Radical surgery for thoracic esophageal carcinoma is accomplished ordinarily as a combination of three approaches, i.e., the cervical, thoracic, or abdominal approaches. The mediastinal approach has also been proposed as an alternative to the cervical approach for dissection of the cervical paraesophageal lymph nodes .
Upper thoracic esophageal carcinoma (Ut)
Patients with this type of lesion usually present with lymph node metastasis, mainly in the cervical to upper mediastinal region; thus, lymph node dissection should include the cervical region. Addition of median sternotomy or manubriotomy has also been suggested to allow a better field of view of the cervicothoracic junction region. Although metastasis to the lower mediastinal or abdominal lymph nodes occurs less frequently in cases of Ut, dissection should ordinarily cover all the three regions, i.e., cervical, thoracic, and abdominal regions, including the left gastric artery lymph nodes.
Middle thoracic esophageal carcinoma (Mt)
In general, metastatic lymph nodes in cases of Mt are relatively evenly distributed over the cervical to upper, middle, and lower mediastinal and abdominal regions. Because the involvement of cervical lymph nodes other than the cervical paraesophageal lymph nodes  is relatively rare, lymph node dissection via the intrathoracic approach instead of the cervical approach has also been proposed.
When the thoracic approach is judged to be inadequate based on the preoperative diagnosis of metastasis, it is important to add a cervical approach to dissect the lymph nodes surrounding the bilateral recurrent laryngeal nerve up to the inferior pole of the thyroid. In particular, the lymph nodes of 101L are difficult to be dissected thoroughly by thoracic manipulations alone, and additional dissection via a cervical incision is necessary. In addition, supraclavicular lymph nodes  cannot be dissected by thoracic manipulations, and a cervical approach is necessary for secure lymph node dissection in this region.
Lower thoracic esophageal carcinoma (Lt)
In cases of Lt, while lymph node metastasis mainly occurs in the mediastinal and abdominal regions, metastasis to the cervical lymph nodes may also occur, albeit at a lower frequency. The optimal approach for lymph node dissection remains under discussion; while some propose adding the cervical approach, similar to the case for Mt, others regard the thoracic approach as being superior. Because metastasis to the upper mediastinal lymph nodes is less frequent in cases of superficial carcinoma of the lower thoracic esophagus, there is a view that the extent of lymph node dissection could be minimized and that cervical lymph node dissection could be omitted altogether in some cases.

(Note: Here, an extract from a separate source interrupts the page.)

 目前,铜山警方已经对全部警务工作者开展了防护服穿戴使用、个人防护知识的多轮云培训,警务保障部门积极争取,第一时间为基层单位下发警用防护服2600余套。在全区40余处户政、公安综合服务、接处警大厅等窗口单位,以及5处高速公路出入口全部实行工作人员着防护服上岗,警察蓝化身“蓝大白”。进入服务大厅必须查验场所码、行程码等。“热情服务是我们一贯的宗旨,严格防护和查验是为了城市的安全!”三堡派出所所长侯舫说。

Method of reconstruction (Table 2)
Route of reconstruction
Three routes, i.e., the antethoracic, retrosternal, and posterior mediastinal (including intrathoracic) routes, are available for reconstruction. The route employed varies according to the case, and each route has its own advantages and disadvantages. Recently, the posterior mediastinal route is the most frequently used for reconstruction when high intrathoracic anastomosis is included. Because surgery for second primary cancer in the gastric tube is difficult after reconstruction via the posterior mediastinal route, the risk of carcinoma occurring in the gastric tube should be considered particularly when long survival is expected.
Organs used for reconstruction
Reconstruction using the stomach is the most common method. In patients with past history of gastrectomy, those with a concomitant gastric carcinoma, and those in whom the stomach needs to be preserved, colic and ileocolic or jejunal grafts may be used.

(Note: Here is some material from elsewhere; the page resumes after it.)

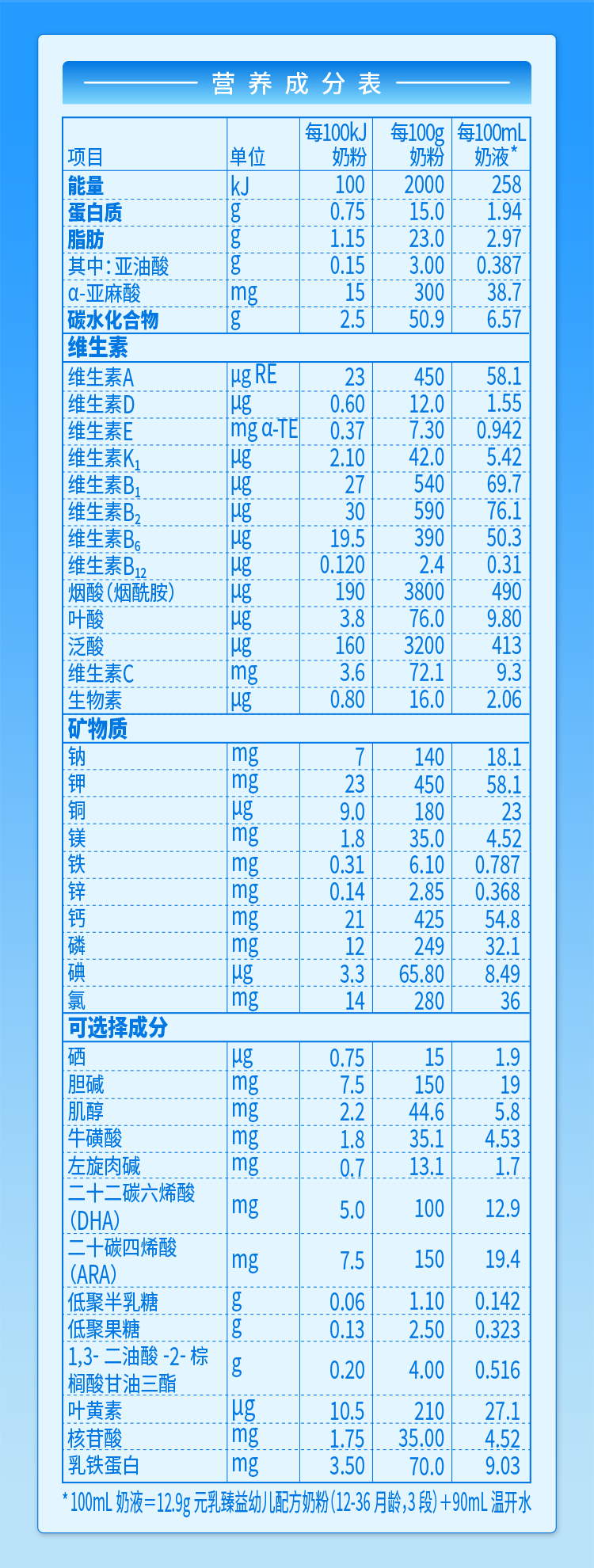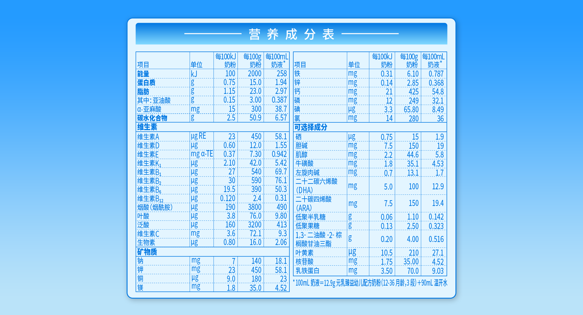 營(yíng)養(yǎng)成分表

Anastomosis may be divided into cervical and intrathoracic depending on the site of anastomosis. This site of anastomosis is chosen according to the location of the tumor, the organ used for reconstruction, and the route of reconstruction. Intrathoracic anastomosis is associated with a high risk of serious complications in the event of anastomotic leakage. The anastomosis techniques include manual suture and mechanical suture. For intrathoracic anastomosis, mechanical suture using a circular stapler is frequently employed. Because anastomotic leakage and stricture exert a strong influence on the postoperative course and QOL of the patient, it is important to use appropriate anastomotic techniques tailored to individual patients.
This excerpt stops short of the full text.